As a rule, these reactions go away on their own after a few hours. However, if a child’s temperature persists for a long time, or the lump exceeds 2.5 cm in diameter, it is necessary to consult a doctor.

The following vaccination complications require taking medications:

  • Formation of aseptic infiltrate.
  • The appearance of rashes at the site of vaccine administration. A possible allergic reaction to vaccination is angioedema and anaphylactic shock.
  • Negative reactions from the nervous system are also possible, which are manifested by loud crying, increased anxiety, and sleep disturbances.
  • An encephalopathic reaction may occur to the administration of the vaccine, which manifests itself 2-3 days after the vaccination. It is expressed by convulsions, increased body temperature, and loss of consciousness. If the reaction is weak, the child may experience muscle twitching and tremors of the limbs.
  • An extremely rare complication is encephalitis.
  • If a child has been given a low-quality vaccine or has a weak immune system, this risks developing post-vaccination whooping cough.

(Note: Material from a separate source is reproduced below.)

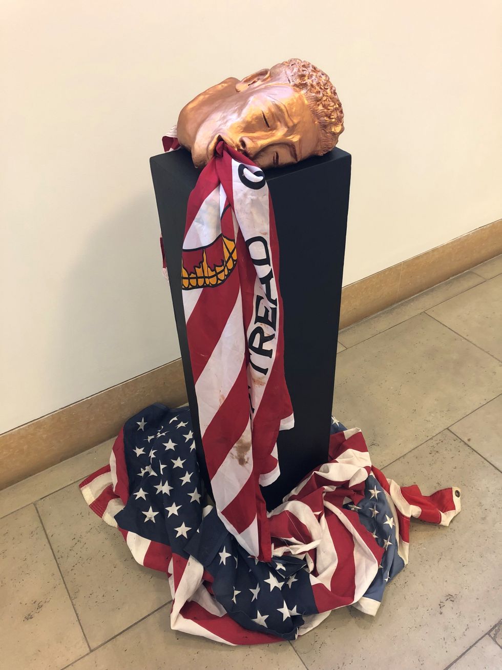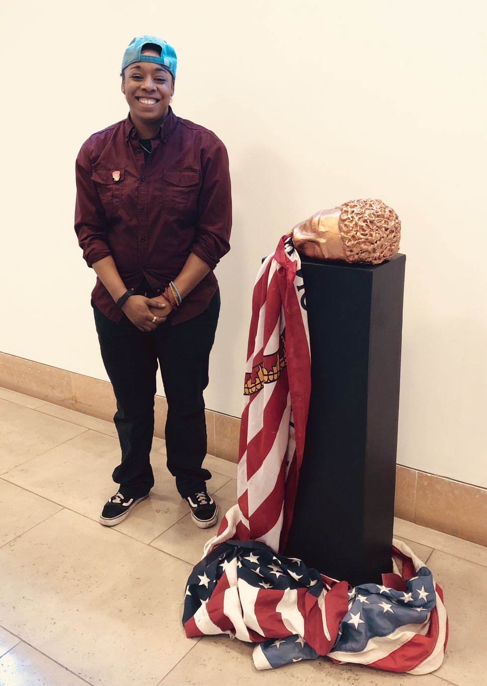 It was in a sculpture class taught by Professor Sarah Peters that Haskins first developed the piece America, I Can’t Breathe, currently on view in the west lobby of the Hamilton Building as a part of the Warming Exhibition. She was able to have several in-class critiques of the work, and was pleasantly surprised to learn that others were engaging with the subject matter. In addition to hand-molding clay to form the head of an African-American man, Haskins used several flags in the piece. One of these flags was given to her by her grandfather, who served in the navy. They cascade from the mouth of the sculpted head, and down the pedestal to pool on the floor. It’s a piece that has deep resonances for black community, and the racialized violence seen in Eric Garner’s 2014 death.

Consultation with a specialist, as well as a high-quality examination of the child before and after vaccination will help minimize the risk of complications. Parents should make sure in advance that there is a drug in the house that will reduce the baby’s temperature.

When to vaccinate?

From 3 months. Vaccination is carried out three times with an interval of 45 days and a single revaccination 12 months after the 3rd vaccination, i.e. at 18 months of age.

The optimal strategy for controlling pertussis infection is the maximum timely coverage of preventive vaccinations for children in the first two years of life within the time frame recommended by the national calendar of preventive vaccinations (at 3-4.5-6-18 months); catch-up immunization of children not vaccinated in a timely manner; carrying out age-related revaccinations against whooping cough in children aged 6-7 years, 14 years old, adolescents and adults from 18 years old every 10 years from the date of the last revaccination.

Timing of vaccination. Where is the whooping cough vaccine administered?

The whooping cough vaccine is included in the routine vaccination schedule. The vaccine is one of the first to be administered to a child, since whooping cough is the most dangerous disease for children under one year of age. If a child becomes infected before the vaccine is administered, he will be urgently hospitalized.

The timing of vaccination against whooping cough is as follows:

  • Three months – the first vaccination in combination with tetanus and diphtheria vaccines (DTP).
  • 4.5 months – delivery of the second vaccine.
  • Six months – production of the third vaccine. The vaccine cannot be administered earlier than 1 month after the previous vaccination.
  • At 18 months, children are recommended to receive revaccination, which helps form more stable immunity.

The whooping cough vaccine is administered intramuscularly into the anterior outer thigh. The dose is 0.5 ml.